Man you can leave them in there for pretty much as long as you like, just make sure roots don't become tangeled.  I don't transplant out of my cloner until I have roots that are at least 8-12 inches long.  One time I left one in there until the root mass was as thick as my forearm.  So yeah you're golden man.  You might want to put them on super weak nutes though like 1ml per liter, but I wouldn't worry about that until the roots hit the bottom of your rez.


----------



## trillions of atoms (May 26, 2008)

read the supercropping link in my sig, and place the taller plants on the outside of the bulb to either side with the smaller plants in the center- rotate the plants around 180 degree everyday so both sides of the big colas get some light....

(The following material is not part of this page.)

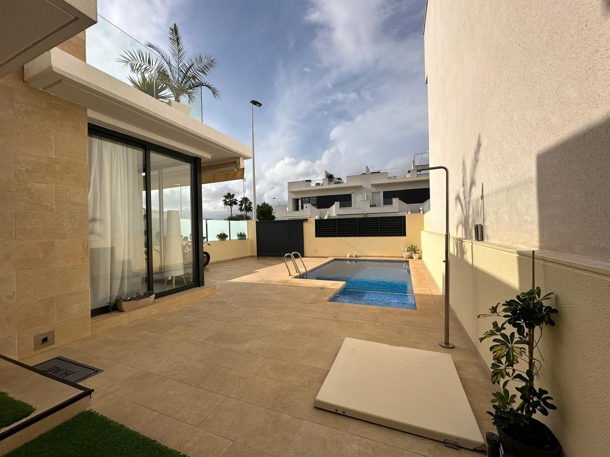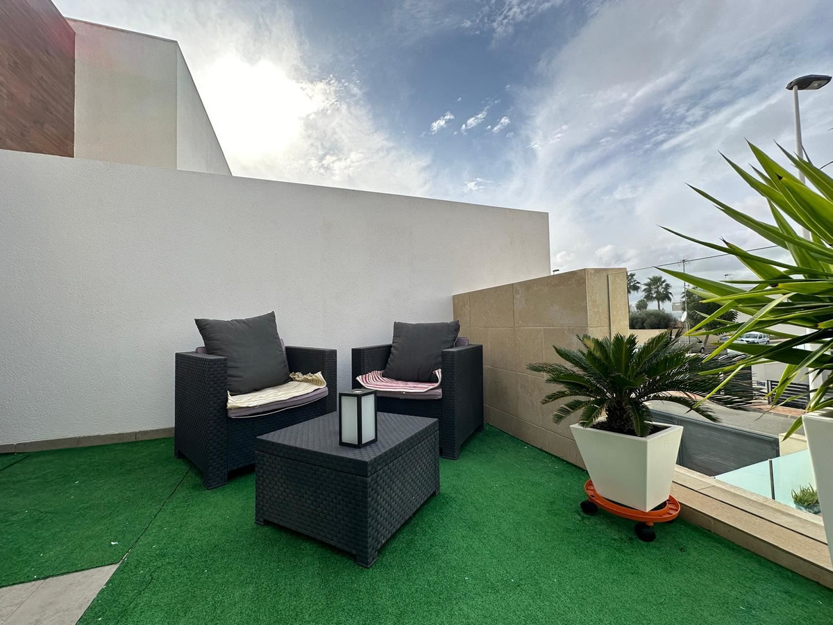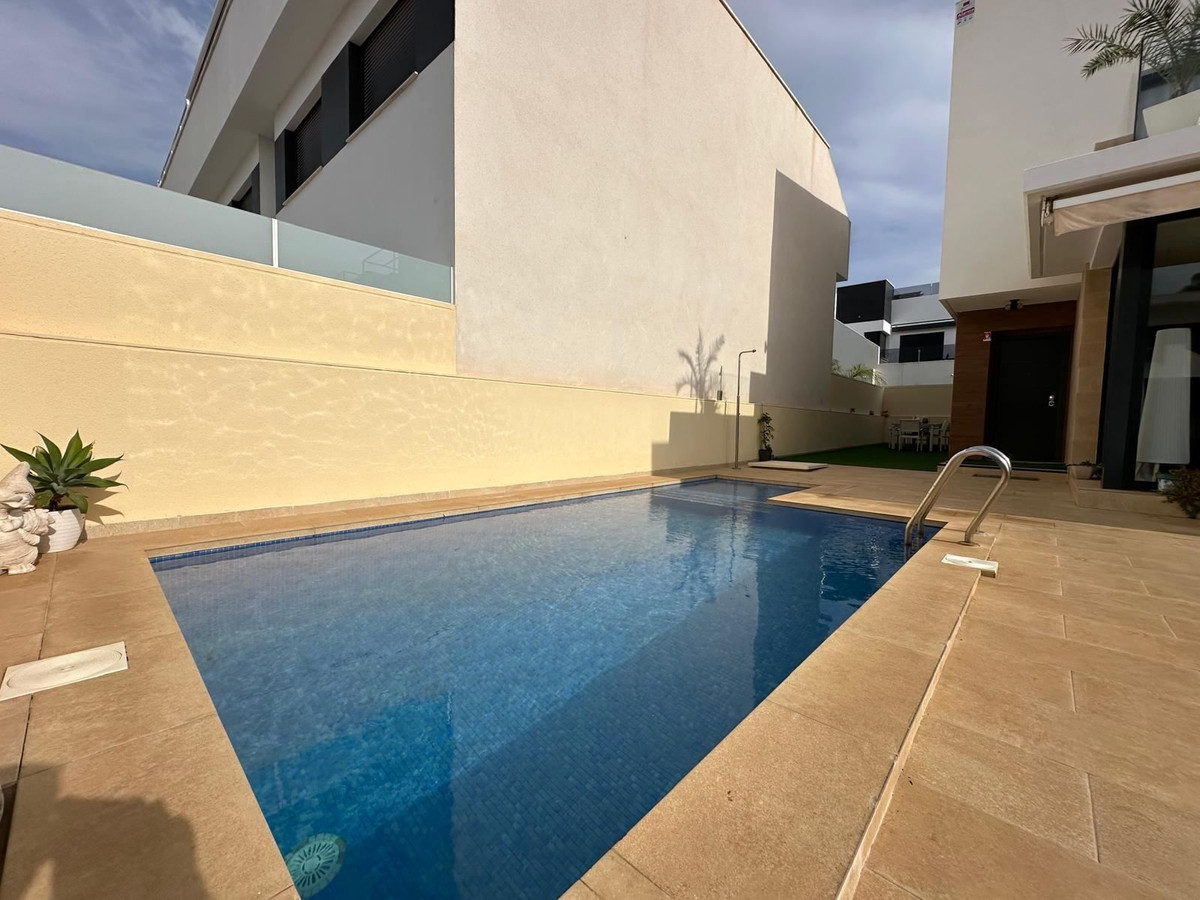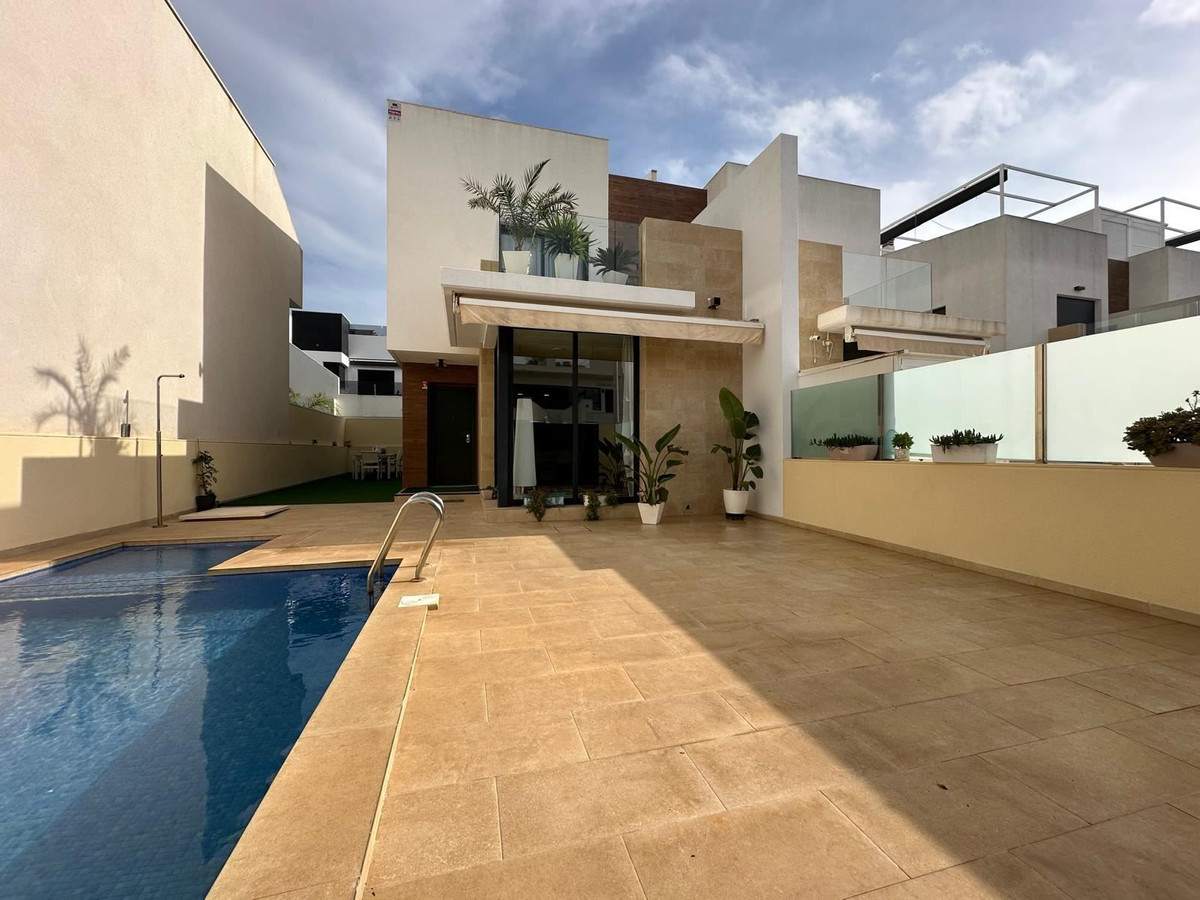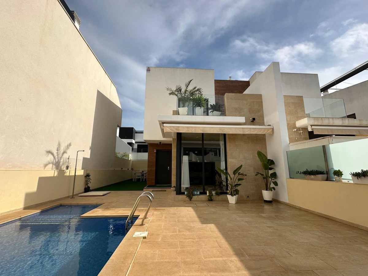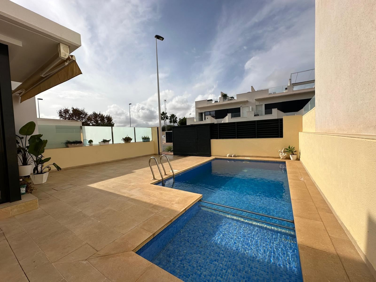 Välkommen till det populära området San Pedro del Pinatar och denna moderna och välplanerade villa med privat pool. Villan består av tre sovrum, tre badrum samt vardagsrum och kök i en öppen planlösning. Till detta kommer en rymlig terrass med plats för utemöbler och en solig takterrass.

you could even raise the smnaller pots up on milk crates or boxes so they wont strech as bad.

lookin great!


----------



## smokybear (May 26, 2008)

The ladies are coming along nicely my friend. Nice work. Definitely keep us posted. They are starting to look very tasty. Keep us posted. Take care and be safe.


----------



## SmknWhiteWidow (May 27, 2008)

here's the clone pictures i promised. a lot of the lower leaves look dead and only 3 have rooted out of the 13 cuts. we'll keep them in the cloner a few more week then they're going into soil and transplanted to outdoor. we'll take as many of the guaranteed females as we can get though. this cloning thing is nice eh.


----------



## gangalama (May 27, 2008)

Lookn good. Cant wait 2c some nuggets!!!!


----------



## SmknWhiteWidow (Jun 8, 2008)

Here are all 7 pineapple skunk plants. They're starting to finally fill out. I think we're going to let them go at least 10 weeks and reap the benefits of our patience. The leaves are yellowing pretty bad but that happened to us last time as well, i think it was a nute difficiency. they are starting to look better so i can't complain to much. can't wait for this month to be over so we can start lookin forward to harvest!


----------



## SmknWhiteWidow (Jun 9, 2008)

I couldn't put up pics of the red diesel last night because they were in the dark period. ill get some pics of them up later on today.


----------



## SmknWhiteWidow (Jun 15, 2008)

here's the red diesel as they are, almost 2 weeks into flowering.


----------



## SmknWhiteWidow (Jul 3, 2008)

sorry been real busy lately. decided to give the ladies the chop tonight. been 9 weeks flowering. heres some pics, ill get back with the dry weight.


----------



## [email protected] (Jul 3, 2008)

uggggg wish i was in your shoes... maybe youll be able to test some small pop corn nugz for the 4th.... man good journal keep it up..


----------



## lyfr (Jul 3, 2008)

awesome man, light it up!


----------



## THE BROTHER'S GRUNT (Jul 3, 2008)

*CONGRATS on the harvest mang. :aok: Nothing like bringing down the ladies knowing you'll be smoking them soon. :hubba:  Great job.  *


----------



## T-MaStAA (Jul 3, 2008)

Man nice harvest, nothing like home grown. Please give us a weight, I'd love to know your yield!


----------



## Thorn (Jul 4, 2008)

wow nice harvest buddy! Congrats! 

Those red diesel looked a little nitgrogen deficiecnt if that makes sense, sorry i'm high  How are they doing at the mo?


----------



## SmknWhiteWidow (Jul 4, 2008)

the diesel are doin just fine. ya they were deficient. gave them a good shot of nutes and they perked right back up without yellowin. i love this pineapple bud. so fruity and gets me ripped.  ...... i love harvest time


----------



## SmknWhiteWidow (Jul 21, 2008)

the red diesel are lookin great! can't wait to chop these babies down in a few weeks. probably our smallest yield but definately looks the most potent.


----------



## SmknWhiteWidow (Jul 25, 2008)

here's the red diesel again, got a few more weeks still til' we harvest. let me know what ya think.


----------



## akirahz (Jul 25, 2008)

Oh my.. ... oh .. oh OH! .. OH MY!!! .. your plants and buds just look sooo tantalizing and terrific!!, you should be a med grower - A+ .. me luvs the pineapple skunk and chunky diesel pictures, they are superb bro


----------



## SmknWhiteWidow (Jul 25, 2008)

Thanks akirahz! it does look very lovely right now. sorry about taking pics of only the one cola i was real baked when i updated the journal last night haha. i'll try to throw up some more pics in a few days.


----------



## Thorn (Jul 25, 2008)

Very Nice!!!


----------



## KGB30 (Jul 25, 2008)

Sweet Harvest..


----------